‘Star’ UH students
awarded for research
University of Hawaii doctoral candidate Scott Dahm is studying newborn stars as they emerge from parental gas clouds.
"By studying young stars as they emerge from their parental clouds of gas, we are given rare insight into the early history of the sun and formation of the solar system," he said.
The Institute for Astronomy graduate student was among 11 students receiving $5,000 scholarships from the Achievement Rewards for College Scientists-Honolulu Chapter and received an additional $1,000 as Scholar of the Year at the chapter's recent annual dinner. Dahm received ARCS' Helen Jones Farrar Scholarship in Astronomy for his research on star-forming regions or "stellar nurseries" hundreds of light years away.

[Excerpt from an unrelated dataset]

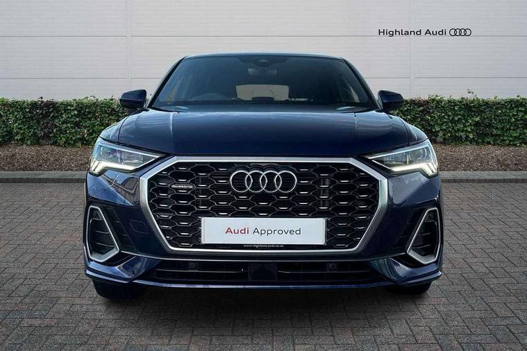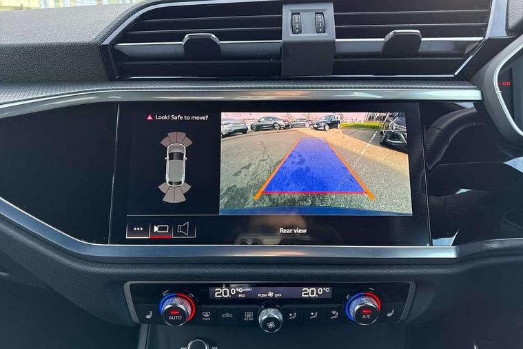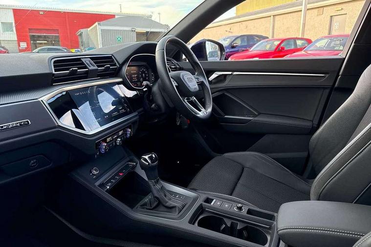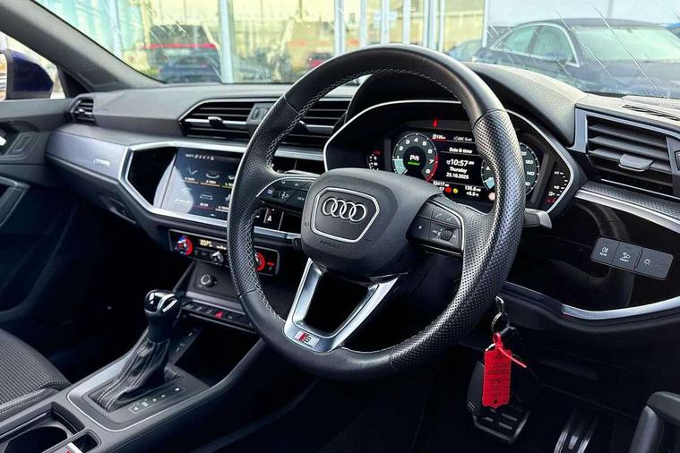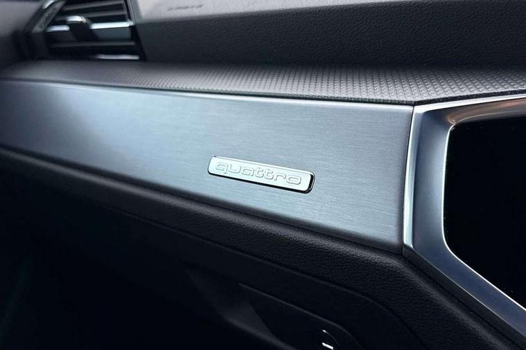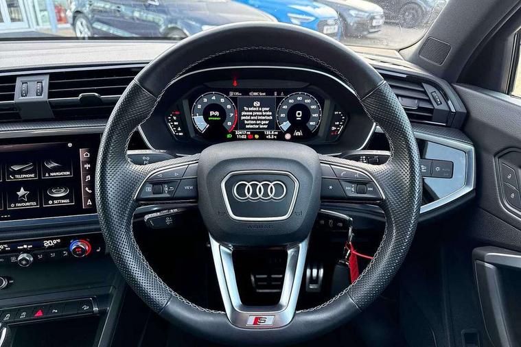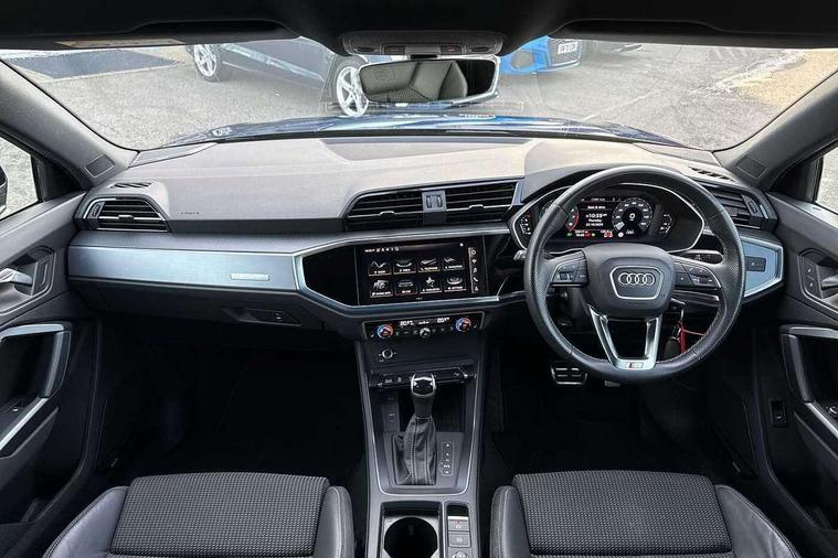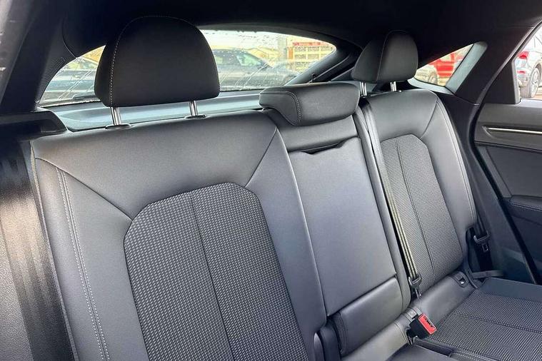 Audi connect safety and service (e-call), Audi drive select, Audi lane departure warning, Audi Virtual Cockpit - 10.25" display, Bluetooth interface, Camera based traffic sign recognition, MMI Navigation Plus with high resolution 10.1 inch touchscreen colour display, Power operated tailgate, Progressive steering, Service interval indicator, Smartphone interface includes wireless Apple carplay/Android Auto, Start stop system with recuperation, Voice control system with natural language interaction, Sports suspension, 2 USB-C ports with charge and data functions, 6 passive loudspeakers, DAB digital radio module, Acoustic windscreen, Aluminium window trim, Auto dimming frameless rear view mirror, Diffuser grille in grained matt black, Diffuser trim in selenite silver, Electrically folding, adjustable and heated door mirrors with integrated LED side indicators and kerb view function for passenger side, Front and rear electric windows, Front fog lights, Front side air inlets in selenite silver, Front underbody protection in manhattan grey paint finish, Grille surround in aluminium silver matt, High gloss black finish B and C pillars, LED headlights with LED daytime running lights, LED rear lights, LED third brake light, Privacy glass dark tinted rear and rear-side windows (from B-pillar backwards), Radiator grille in titanium black with inlay in matt aluminium silver, Rain and light sensors, Rear side wing doors, Rear underbody protection in matt black, Rear wiper, S line badges on front wings, Side skirt insert in matt Platinium grey, Variable front intermittent wipers, 12V socket in rear centre console, 3 seat bench in 2nd row, 40:20:40 folding with manual adjustment for 60:40 forwards/backwards position and backrest angle, Adjustable rear seat bench/backrest with centre armrest and cupholder, Black cloth headlining, Dual zone electronic climate control, Front and rear black floor mats with contrast stitching, Front and rear headrests, Front and rear roof module including reading lights, Front centre armrest, Glove compartment lighting, Height and reach adjustable steering wheel, Illuminated door sill trims with S logo, ISOFIX child seat mounting for front passenger with airbag deactivation and outer rear seat including top tether attachment point for outer rear seats, Luggage compartment light right in white, Luggage compartment sill protection in stainless steel, Manual front seats with height adjustment, Perforated leather gearknob, Single front passenger seat, Stainless steel pedals, Non smoking pack - Q3, 3x3 point rear seatbelts, 6 airbags - Driver, front passenger, curtain and side windows, Audi pre-sense front with pedestrain and cyclist recognition, Electromechanical parking brake, Electronic stabilisation control including ABS, ASR and EDL, Front seatbelt reminder, Hill descent control, Hill hold assist, Manual child lock in rear doors, Pre sense basic, Seatbelt monitoring, Tyre pressure warning, Warning triangle and first aid kit, Anti theft alarm, Anti theft wheel bolts, Immobiliser, Remote central locking, Black dashboard, Dark matt brushed aluminium inlay, Detail dashboard around MMI touch colour display in glass look, black with surround in aluminium look, Leatherette door armrest,

Other doctoral candidates honored by the ARCS chapter for outstanding research were:
>> Jonathan D. Awaya, College of Tropical Agriculture & Human Resources, ARCS Scholarship in Horticulture.
>> Jennifer L. Campbell-Meier, Department of Communication & Information Sciences, ARCS Columbia Scholarship in Telecommunications and Computer Science.
>> Eric Conklin, Department of Zoology, ARCS Scholarship in Marine Biology.
>> Judith Denery, College of Tropical Agriculture & Human Resources, ARCS Kresser Foundation Scholarship in Engineering.
>> Theodore S. Durland, Department of Oceanography, ARCS Scholarship in Oceanography.
>> Kenneth Hayes, Department of Zoology, ARCS Maybelle Roth Scholarship in Conservation Biology.
>> Beth Irikura, College of Tropical Agriculture & Human Resources, ARCS Bretzlaff Foundation Scholarship in Engineering.
>> Heather McMillen, Department of Anthropology, ARCS Maybelle Roth Scholarship in Conservation Biology.
>> Eric Umemoto, Department of Microbiology, ARCS Scholarship in Microbiology.
>> Kyle A. Mitsunaga, third-year student in the John A. Burns School of Medicine, received the ARCS Scholarship in Medicine.
Also, astronomer John Tonry, with the Institute for Astronomy, was recognized as ARCS Scientist of the Year.
Tonry was cited as one of the top astronomers worldwide based on his publications and contributions in development of camera detectors on telescopes.
He invented the detector for the Panoramic Survey Telescope and Rapid Response System, called Pan-STARRS, an array of four small telescopes that will scan the sky for asteroids and comets from Hawaii.
The student scholars are working on such problems as bacterial enzymes that break down toxic compounds in a tropical plant favored by cattle, interaction between herbivorous coral reef fish and marine algae, and medicinal plants used for health care and HIV/AIDS treatment in Tanzania.